* _REQUIREMENT_:
Give the data below again exactly as it stands. Omit the pictures.

DATASET SECTION Block Start

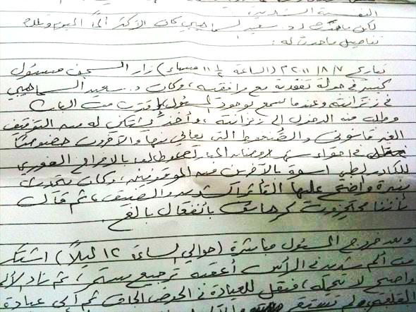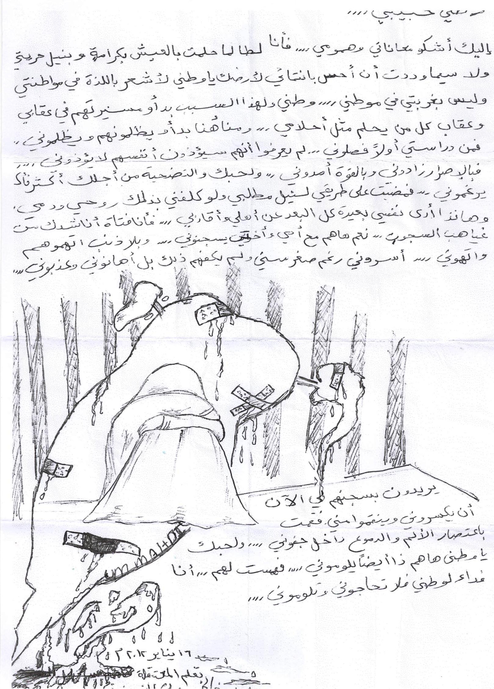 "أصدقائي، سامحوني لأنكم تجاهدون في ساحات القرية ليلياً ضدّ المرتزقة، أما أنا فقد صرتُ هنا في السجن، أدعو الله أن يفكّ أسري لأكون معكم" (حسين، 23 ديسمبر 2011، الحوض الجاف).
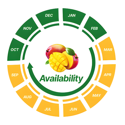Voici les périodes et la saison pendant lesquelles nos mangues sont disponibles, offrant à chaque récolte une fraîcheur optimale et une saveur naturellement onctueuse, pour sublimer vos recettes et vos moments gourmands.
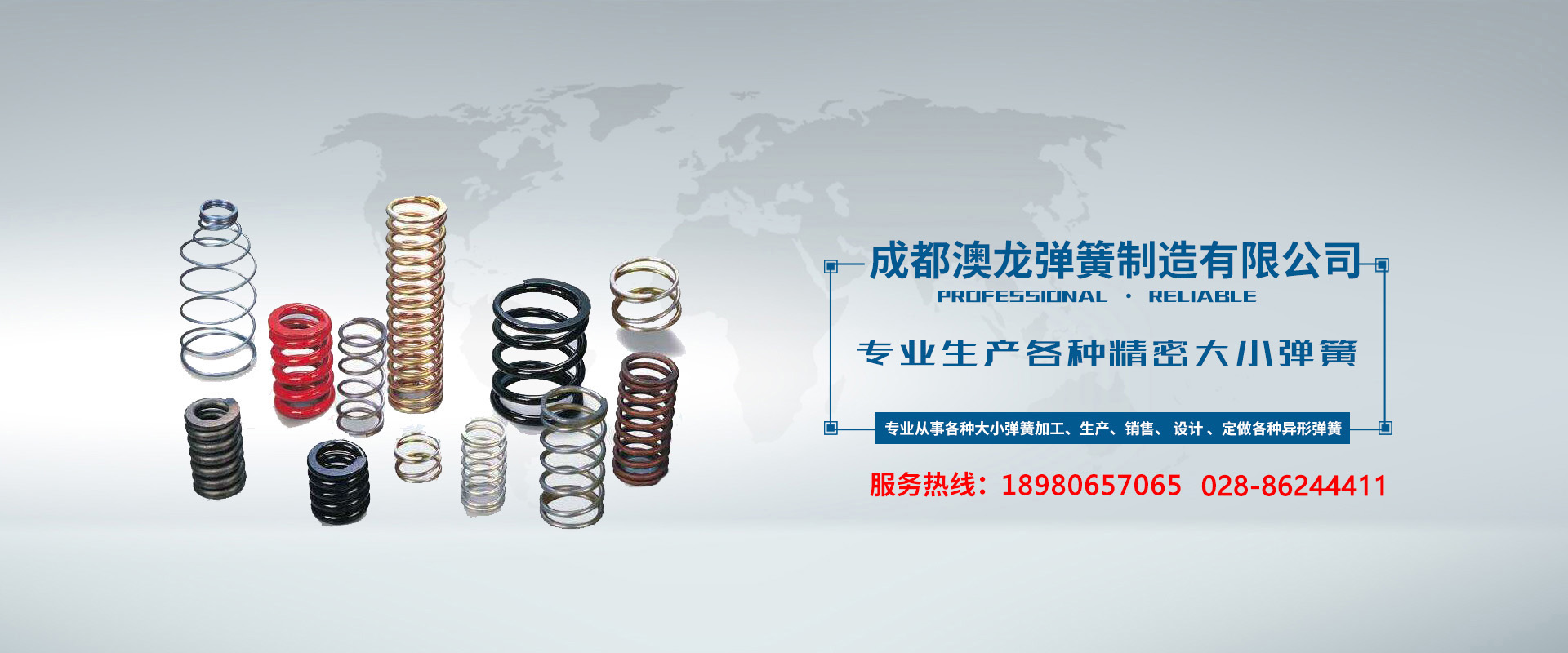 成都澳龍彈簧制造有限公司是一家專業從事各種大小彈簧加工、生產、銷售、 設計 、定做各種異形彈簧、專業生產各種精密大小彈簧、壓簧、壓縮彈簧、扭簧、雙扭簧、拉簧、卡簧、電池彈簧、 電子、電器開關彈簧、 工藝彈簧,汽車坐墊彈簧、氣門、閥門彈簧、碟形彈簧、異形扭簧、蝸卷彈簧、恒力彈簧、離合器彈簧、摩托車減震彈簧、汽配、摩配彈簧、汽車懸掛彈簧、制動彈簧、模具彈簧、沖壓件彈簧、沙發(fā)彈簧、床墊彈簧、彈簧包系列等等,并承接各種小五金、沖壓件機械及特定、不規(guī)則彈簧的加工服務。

DATASET SECTION Block End

* _RESPONSE FOR THIS EXERCISE_:
 "أصدقائي، سامحوني لأنكم تجاهدون في ساحات القرية ليلياً ضدّ المرتزقة، أما أنا فقد صرتُ هنا في السجن، أدعو الله أن يفكّ أسري لأكون معكم" (حسين، 23 ديسمبر 2011، الحوض الجاف).
Voici les périodes et la saison pendant lesquelles nos mangues sont disponibles, offrant à chaque récolte une fraîcheur optimale et une saveur naturellement onctueuse, pour sublimer vos recettes et vos moments gourmands.
 成都澳龍彈簧制造有限公司是一家專業從事各種大小彈簧加工、生產、銷售、 設計 、定做各種異形彈簧、專業生產各種精密大小彈簧、壓簧、壓縮彈簧、扭簧、雙扭簧、拉簧、卡簧、電池彈簧、 電子、電器開關彈簧、 工藝彈簧,汽車坐墊彈簧、氣門、閥門彈簧、碟形彈簧、異形扭簧、蝸卷彈簧、恒力彈簧、離合器彈簧、摩托車減震彈簧、汽配、摩配彈簧、汽車懸掛彈簧、制動彈簧、模具彈簧、沖壓件彈簧、沙發(fā)彈簧、床墊彈簧、彈簧包系列等等,并承接各種小五金、沖壓件機械及特定、不規(guī)則彈簧的加工服務。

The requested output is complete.